Preah Khan Reach Svay Rieng ព្រះខ័នរាជស្វាយរៀង
- Full name: Preah Khan Reach Svay Rieng Football Club
- Nickname: The Blue Swords
- Short name: PKRSRFC
- Founded: 1997; 29 years ago as Preah Khan Reach Football Club 2013; 13 years ago as Preah Khan Reach Svay Rieng Football Club
- Ground: Svay Rieng Stadium Morodok Techo National Stadium (selected matches)
- Capacity: 7,500 60,000
- Chairman: Dy Vichea
- Head coach: Mattew McConkey
- League: Cambodian Premier League
- 2025–26: Cambodian Premier League, 1st of 11 (champions)
- Website: pkrsvayriengfc.com
| Home colours | Away colours | Third colours |

= Preah Khan Reach Svay Rieng FC =

Association football club in Cambodia

Preah Khan Reach Svay Rieng Football Club (ក្លឹបបាល់ទាត់ព្រះខ័នរាជស្វាយរៀង), also known as PKR Svay Rieng, is a professional football club based in Krong Svay Rieng, Svay Rieng province, Cambodia, that plays in the Cambodian Premier League. The club has won 5 domestic league titles and 5 Hun Sen Cup titles. Its women's section plays in the Cambodian Women's League.

==History==
The club was founded in 1997 by General Sao Sokha, and was originally based in Phnom Penh, under the name Preah Khan Reach. In 2011, the club won their first major honour, the 2011 Hun Sen Cup, after beating Build Bright United by 2–0. Sam El Nasa and Khoun Laboravy scored the goals. The club managed to retain their title in the 2012 Hun Sen Cup after winning against Nagacorp by 2–1. In May 2013, the club was renamed as Preah Khan Reach Svay Rieng, when the decision was made to relocate to Svay Rieng by Dy Vichea. In the first season under the new name, they ended up becoming the 2013 Cambodian League champions. The club automatically qualified for the 2014 AFC President's Cup, being placed against Nepali Manang Marshyangdi Club and Mongolian Erchim. However, Svay Rieng lost both of their fixtures and finished last in the group table.
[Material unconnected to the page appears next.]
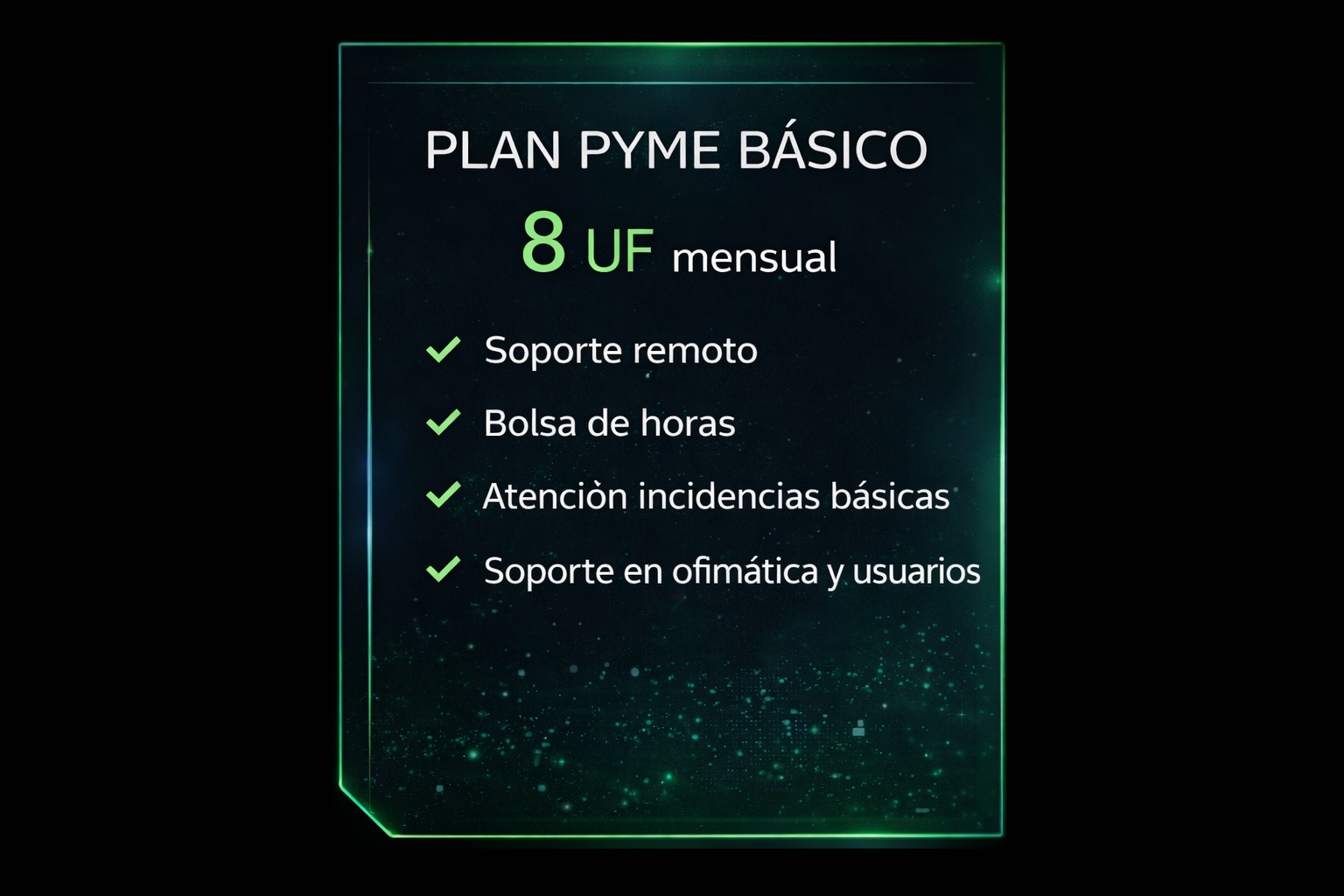 Ideal para negocios con 3 a 8 equipos que requieren asistencia remota, configuración básica y soporte a usuarios.

In 2019, Svay Rieng won their second league title and qualified to the 2020 AFC Cup qualifying play-offs, playing against Laos side Master 7. Svay Rieng ended up winning both of the qualifying matches with 7–1 on aggregate and qualified to the group stage. The club was then placed in Group G alongside Philippines club Ceres–Negros, Indonesian club Bali United and Vietnamese club Than Quảng Ninh. On 25 February 2020, the club recorded their first win in the AFC competitions after defeating Bali United by 2–1. However, due to the rising cases of the COVID-19 pandemic, the tournament was cancelled.

Svay Rieng then won their third league title during the 2023–24 season, qualified for the 2024–25 AFC Challenge League and also participated in the returning 2024–25 ASEAN Club Championship. The club faced off against Lao side Young Elephants in the ASEAN Club Championship play-off round where they won 8–3 on aggregate, thus qualifying to Group A alongside Malaysian Terengganu, Thai BG Pathum United, Indonesian PSM Makassar, Vietnamese Đông Á Thanh Hóa and Myanmar Shan United. On 21 August 2024, Svay Rieng won 3–2 against Terengganu at the Sultan Mizan Zainal Abidin Stadium. Svay Rieng was knocked out of the competition after failing to qualify to the next round.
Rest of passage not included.